BookVibe is a three-year old Big Data venture that has developed a natural language search technology that allows users to search their tweets and extract the books that are being discussed by the people they follow on Twitter. The service is free to use for consumers and is looking to generate revenue by mining the data for book recommendations and book discovery and offering the relevant analytical information to marketers, publishers and authors.
Founded by Ramesh Haridas, BookVibe is a unit of Parakweet, the developer of the natural language processing technology that allows the company to crunch through hundreds of millions of tweets and detect and extract tweets with very specific meanings from normal language. In June Parakweet received $2 million in investment funding from Scott Banister (and early investor in Zappos and PayPal), Alan Braverman of Yammer and others.
In a phone interview with Haridas, he said the company’s natural language processing technology can search through about 500 million tweets a day and detect 100,000 tweets that are not only specifically about books, but whether the tweets deliver positive or negative comments about the book. He claims the technology has a 96% accuracy rate for identifying tweets about books.
The company is based in Palo Alto, has six fulltime employees—primarily computer and data scientists and engineers—and has several clients, including a national retailer and a large TV company although Hardas said NDAs prevented him from naming them.
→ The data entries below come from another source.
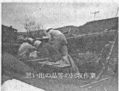
思い出の品等の回収作業

出の品を回収する作業も忘れてはならない、業者では出来ない作業でまさにボランティアの仕事。午後16時ボラセンに戻り報告。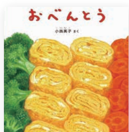
おべんとう 作/小西 英子

お弁当箱の中をホカホカの白ご飯とおかずを詰めて、お弁当を完成させるお話です。お弁当箱に次々とおかずを詰め込む様子と、まるで本物の食べ物のような絵が魅力で、親子で楽しめる絵本です。また、ページ数が少ないため、初めて絵本を読む方にも読みやすい1冊です。ぜひ、手に取って親子で楽しんでみてください。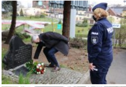
Czeladź pamięta o ofiarach Zbrodni Katyńskiej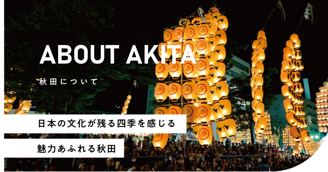
竿燈まつり Kanto Festival

You can always consult with the life counseling staff about life and the faculty about studying. In addition, we hold personal interviews once every three months.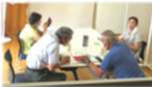
毎回 高齢者向けスマホ相談会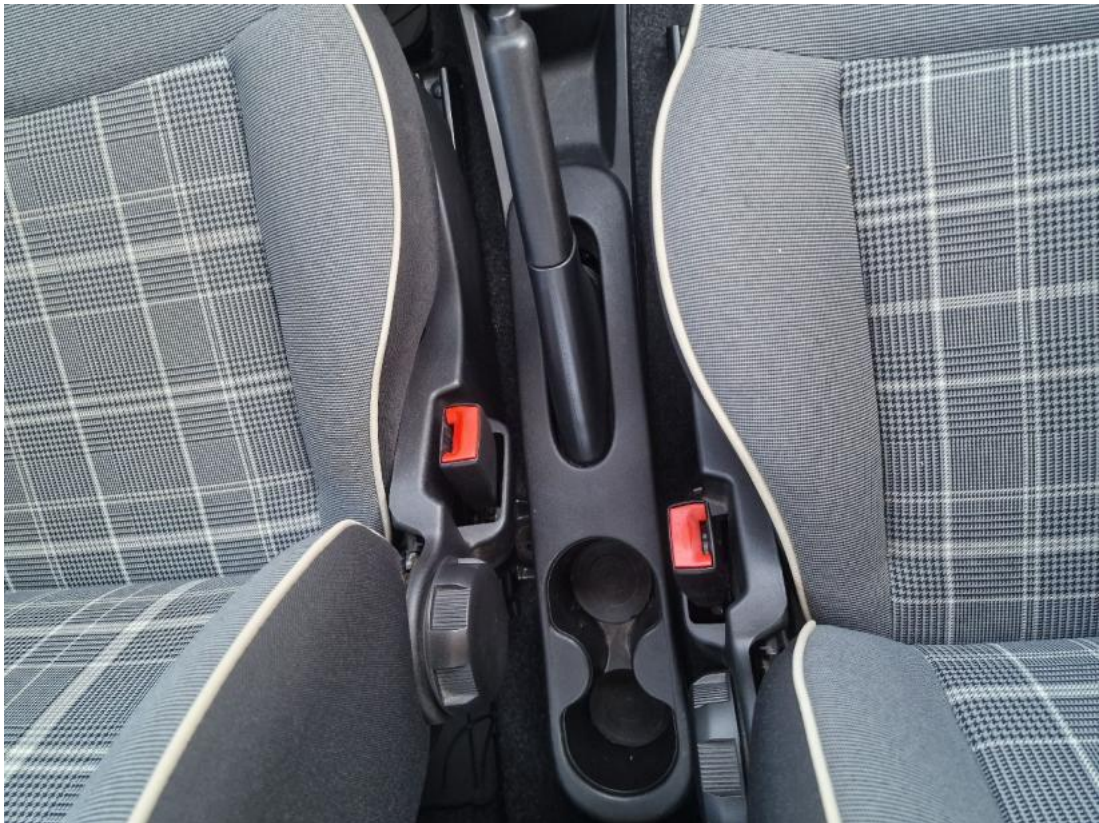
Fot. 21 Tunel środkowy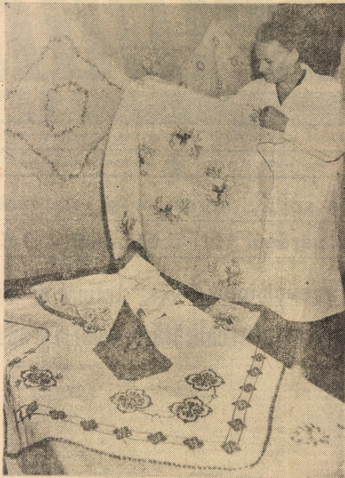
Imagini dintr-o expoziție cu obiecte realizate în ateliere de ergoterapie

Cotidianul „Viesnik” din Zagreb informează că profesorul Drago Plečko a elaborat o metodă de izolare a celulelor canceroase folosind bioenergia. Potrivit agenției Taniug, în urma experiențelor executate „in vitro” asupra unei tumori maligne, un sfer din celulele canceroase au înregistrat, în urma tratării radicale, după numai 15 minute. Astfel, ele au început să reacționeze normal, pierzîndu-și caracteristica de multiplicare. „Viesnik” adaugă, în același timp, că natura limitată a experimentului — care a fost urmărit de o echipă de specialiști a Universității din Zagreb — nu permite, pentru moment, concluzii definitive și nici speranțe exagerate, deși oncologii sînt chemați să acorde o mai mare atenție acestei metode, clasificată, pînă în prezent, în categoria fenomenelor paramedicale.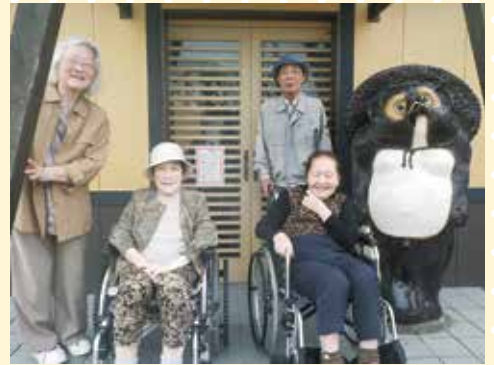
お腹いっぱいになりました！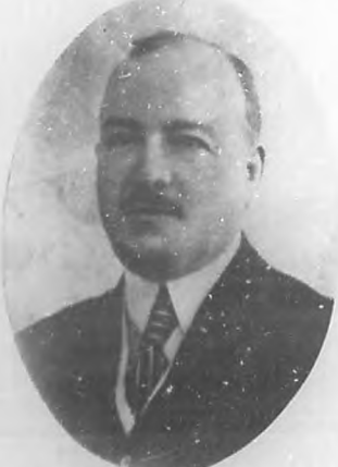
EL EXCMO. SR. EDUARDO RUIZ Ministro de México en Costa Rica.

Todavía es muy prematura mi contestación a su interesante cuestionario pues debí dejar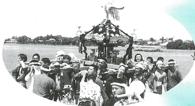
稲穂がゆれる、里々をめぐるみこし (北清水・夏祭り)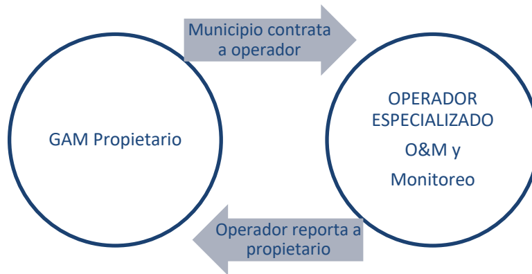
Figura 1: Modelo de gestión.

El modelo de gestión apropiado al contexto local y a los requerimientos de los Municipios de Cliza y Tolata se determinó con el concurso de autoridades municipales de los gobiernos municipales. El modelo de gestión elegido entre varias alternativas es el que se presenta a continuación en la Figura 1.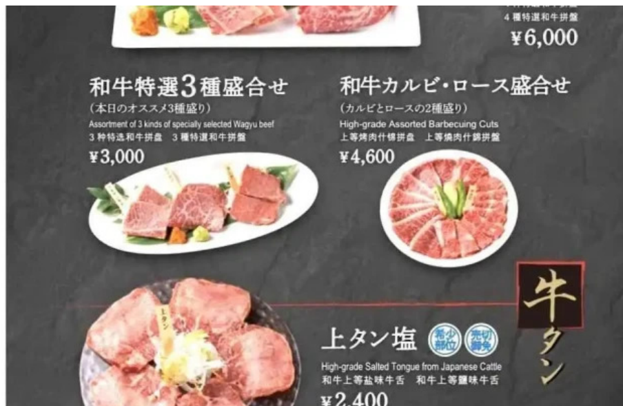
富士山溶岩焼肉 あぶりメニュー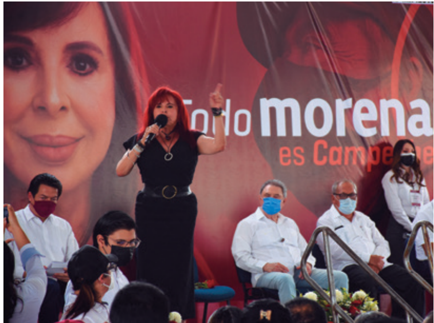
“Layda, desde que entró a la alcaldía, vino con toda la intención de brincarse a Campeche. Nos agarró como trampolín desde un principio y como un cochinito para hacer ese proyecto”.

Anteriormente, los habitantes del área urbana inmediata habían rechazado

“We started looking at the large amount of data on Twitter, trying to figure out how to get information out of it; using it for recommendations about food, travel, books or movies,” he said. Parakweet’s technology can identify “tweets and status updates that are very specific, tweets that offer opinions. We set out to capture this info for books and movies,” he said. Haridas says the technology can extract and isolate “the sentiments around a book; we can detect an intent to read a book as well as whether someone has already read a book.”
BookVibe also offers its users the ability to look at the book discussions on other Twitter users feeds. Under its Explore link, BookVibe can extract the book discussions on the feeds of celebrities, top authors, journalists and venture capitalists. In fact a BookVibe user can put any Twitter handle into the BookVide search engine and see what books that person’s followers are talking about.
Haridas said BookVibe offers consumers an easy channel for book discovery and offers publishers as well as the growing number of self-publishers, “tools for promotions and for analyzing their audience.” Haridas said, “publishers have no data about their readers, Amazon keeps it all, we can tell them who their readers are, what else they are reading and what devices they use.”
Haridas says the service is ideal for tracking book promotion—lower prices and track the results. BookVibe also rates the “social sentiment” around a book, rating each book as low, medium or high, based on “the overall social discussion around a book,” he said. “Publishers can use our tools to target Kindle owners and tell what books they have purchased.”